United States District Court, E.D. Wisconsin

July 11, 2019

JANTZEN L. BOND, Defendant.



         On July 13, 2018, Judge Joseph issued a criminal complaint and arrest warrant for defendant Jantzen Bond. Dkt. No. 1. The defendant was arrested on July 17, 2018 and made an initial appearance before Judge Duffin that same day. Dkt. No. 2. At that hearing, the defendant reserved his right to argue for bond at a later date; Judge Duffin ordered him detained pending trial. Dkt. No. 2. A week later, the grand jury returned a seven-count indictment charging the defendant with (1) possessing with intent to distribute 100 grams or more of heroin; (2) possessing a firearm in furtherance of a drug trafficking offense; (3) being a felon in possession of a firearm; (4) possessing with intent to distribute 100 grams or more of heroin and possessing with intent to distribute 500 grams or more of cocaine; (5) possessing with intent to distribute cocaine; (6) possessing a firearm in furtherance of a drug trafficking offense; and (7) being felon in possession of a firearm. Dkt. No. 9. The defendant appeared before Judge Duffin for arraignment and plea on July 26, 2018 and Judge Duffin continued the defendant's detention status. Dkt. No. 10.
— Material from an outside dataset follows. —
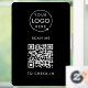 Un modèle simple et personnalisé d'autocollant vinyle noir pour fenêtre d'entreprise dans un style minimaliste moderne qui peut être facilement mis à jour avec votre logo d'entreprise, code QR et texte personnalisé.

         On November 8, 2018, the defendant filed a motion asking Judge Duffin to review his bond status. Dkt. No. 20. Judge Duffin held a hearing on the motion, and the defendant asked to be released on conditions. Dkt. No. 21. The minutes of the hearing reflect that Judge Duffin declined to release the defendant because the defendant's arguments failed to address the danger he posed to the community. Id. at 3. Seven and a half months later, the defendant has asked this court to review Judge Duffin's decision and to release him. Dkt. No. 31. The court grants the defendant's request to review Judge Duffin's detention order but declines to release the defendant.
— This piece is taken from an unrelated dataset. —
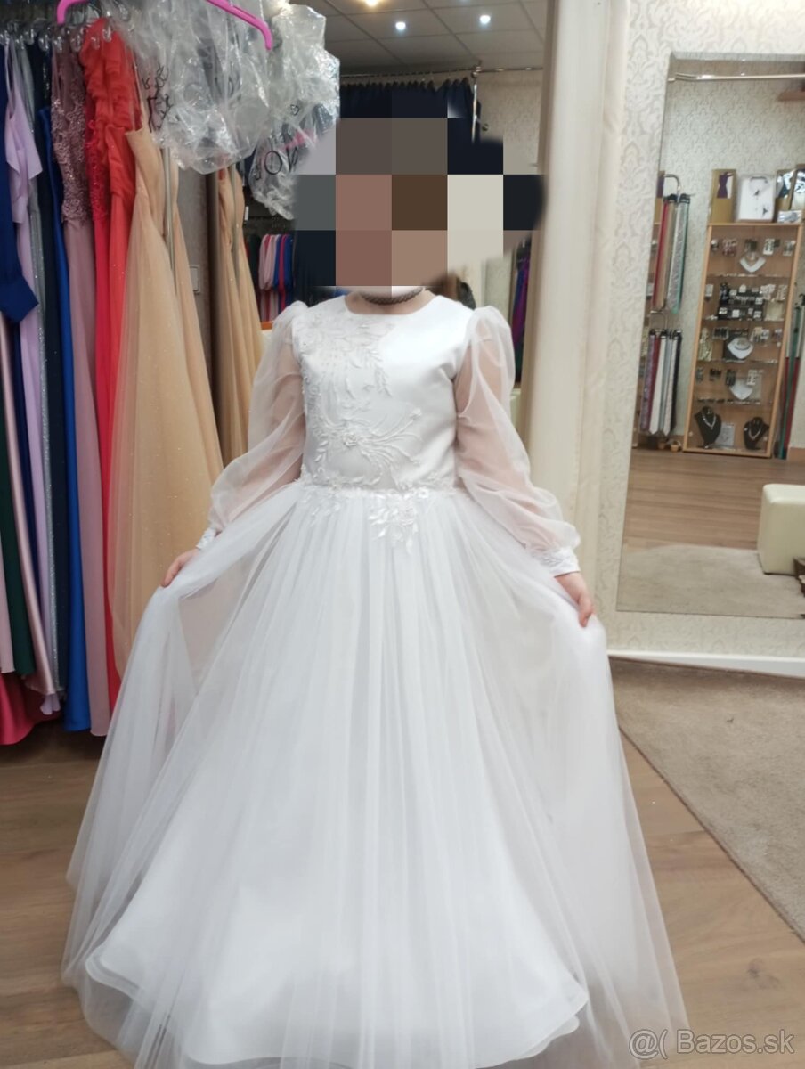Šaty na 1.sv. prijímanie - [22.2. 2026]Oblečené raz, v skvelom stave. Šaty na dĺžku majú 122cm, na šírku 36.

         This court reviews the question of whether to release the defendant de novo. 18 U.S.C. §3145(a); United States v. Hammond, 204 F.Supp.2d 1157, 1162 (E.D. Wis. 2002) (citations omitted). Based on the record and the defendant's submissions, the court has enough information to decide without holding a hearing. In addition to the arguments the made at the November 16, 2018 hearing, the defendant's motion for review of Judge Duffin's bond determination offered the following: (1) The defendant's mother and aunt would offer as collateral the residence at 4508 N. 29th Street in Milwaukee, which the defendant's grandmother previously owned and which the defendant represents has a value of $48, 800; and (2) the defendant would be willing to submit to a condition of electronic monitoring with twenty-four-hour home confinement. Dkt. No. 31 at 2. The defendant asserts that these two conditions are enough to secure his appearance and ensure the safety of the community.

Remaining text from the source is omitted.